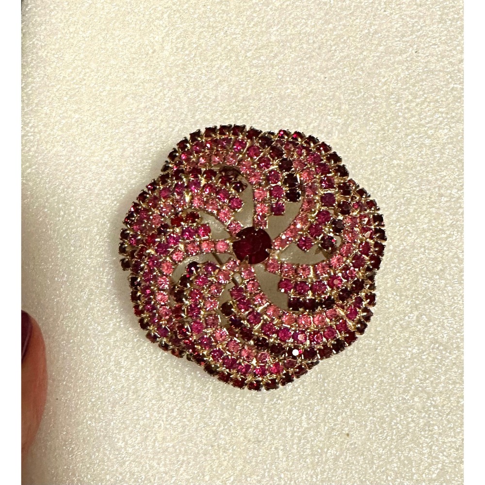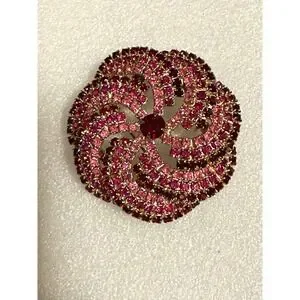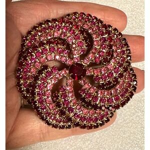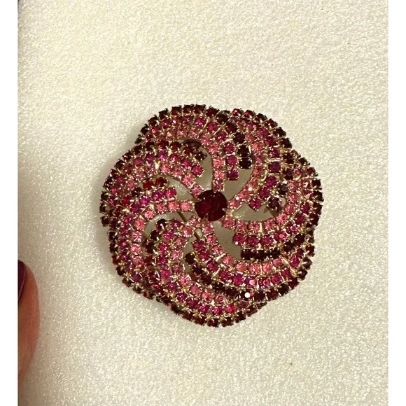 Pink & Red Rhinestone Pinwheel Flower Pin
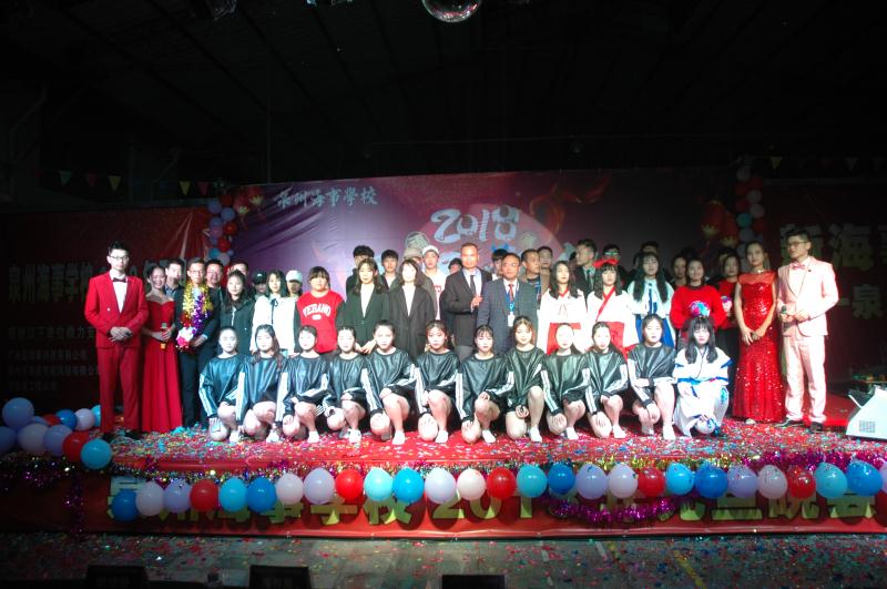 “郁郁海丝、刺桐暖冬辞旧岁; 悠悠古都,海事学子迎新年”。值此2018年元旦佳节来临之际,2017年12月28日晚,泉州海事学校在室内运动中心隆重举办元旦迎新文艺晚会,近千名师生们欢聚一堂,载歌载舞,共同庆祝新年的到来。我校林高校长、林建河副校长、陈惠阳校长助理、各处室负责人以及20几位有关单位嘉宾莅临晚会现场观看演出。
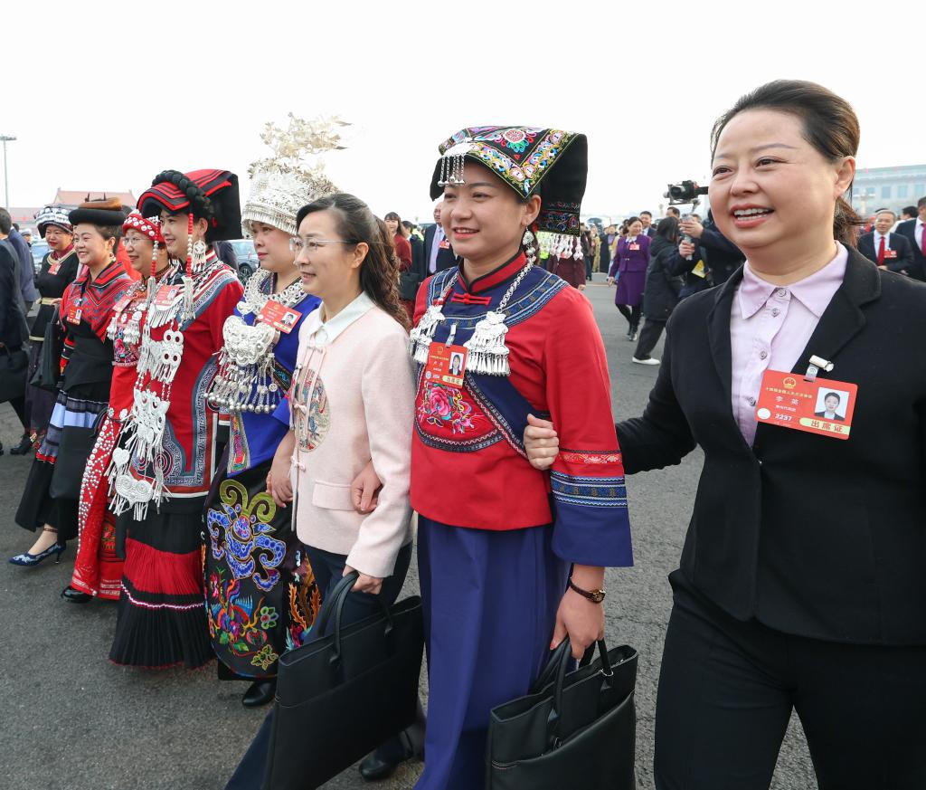 3月5日,卢丹(右二)和代表们一起走向人民大会堂。

================================

§ **Try it**: Skip every picture and transcribe the data above exactly.

§ **Task solution**:
 Pink & Red Rhinestone Pinwheel Flower Pin
 “郁郁海丝、刺桐暖冬辞旧岁; 悠悠古都,海事学子迎新年”。值此2018年元旦佳节来临之际,2017年12月28日晚,泉州海事学校在室内运动中心隆重举办元旦迎新文艺晚会,近千名师生们欢聚一堂,载歌载舞,共同庆祝新年的到来。我校林高校长、林建河副校长、陈惠阳校长助理、各处室负责人以及20几位有关单位嘉宾莅临晚会现场观看演出。
 3月5日,卢丹(右二)和代表们一起走向人民大会堂。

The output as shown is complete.